Bringing the local community along with the Parramatta plan is presenting its own challenges, too.

The Willow Grove heritage building in Parramatta.
The Willow Grove heritage building in Parramatta. Photograph: David Maurice Smith/Oculi

The Indigenous consultants on the Parramatta project are the Deerubbin Local Aboriginal Land Council, but the traditional owners of the land recognised by the NSW government are the Dharug people, who say they are effectively being sidelined by a land council that refuses to recognise them.

As previously reported by the Guardian, the Dharug Strategic Management Group is fighting to prevent the removal of the historic Willow Grove homestead to make way for the new museum, arguing the Victorian mansion – and the land that lies beneath it – holds deep and enduring significance.

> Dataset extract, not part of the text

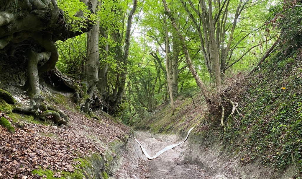 The woodland through which Byway 745 climbs is what’s known locally as a “Hanger” of beech and yew. The track is bounded to the East by a former laid beech hedge now grown out over several hundred years. This line of gnarled trees with exposed roots and horizontal growth marks the boundary of the ancient public right of way and private land. The chalk beneath the shallow roots has eroded away in places, making caves and hollows as the trees form great protuberances over the track as seen in the photograph above. I have started making a series of drawings of this line of beeches including the example below.

While Havilah didn’t comment specifically on that controversy, she said the museum remains committed to the local area: “[At Parramatta] we’ll be looking at things like climate science, astronomy, agricultural science – and we’ll be looking at a whole range of things to tell local stories, and engage the communities of western Sydney.”

But both the Powerhouse Museum and the NSW government have remained firm on the issue of Willow Grove: it will be dismantled stone by stone and reconstructed at a yet-to-be-finalised location in the area.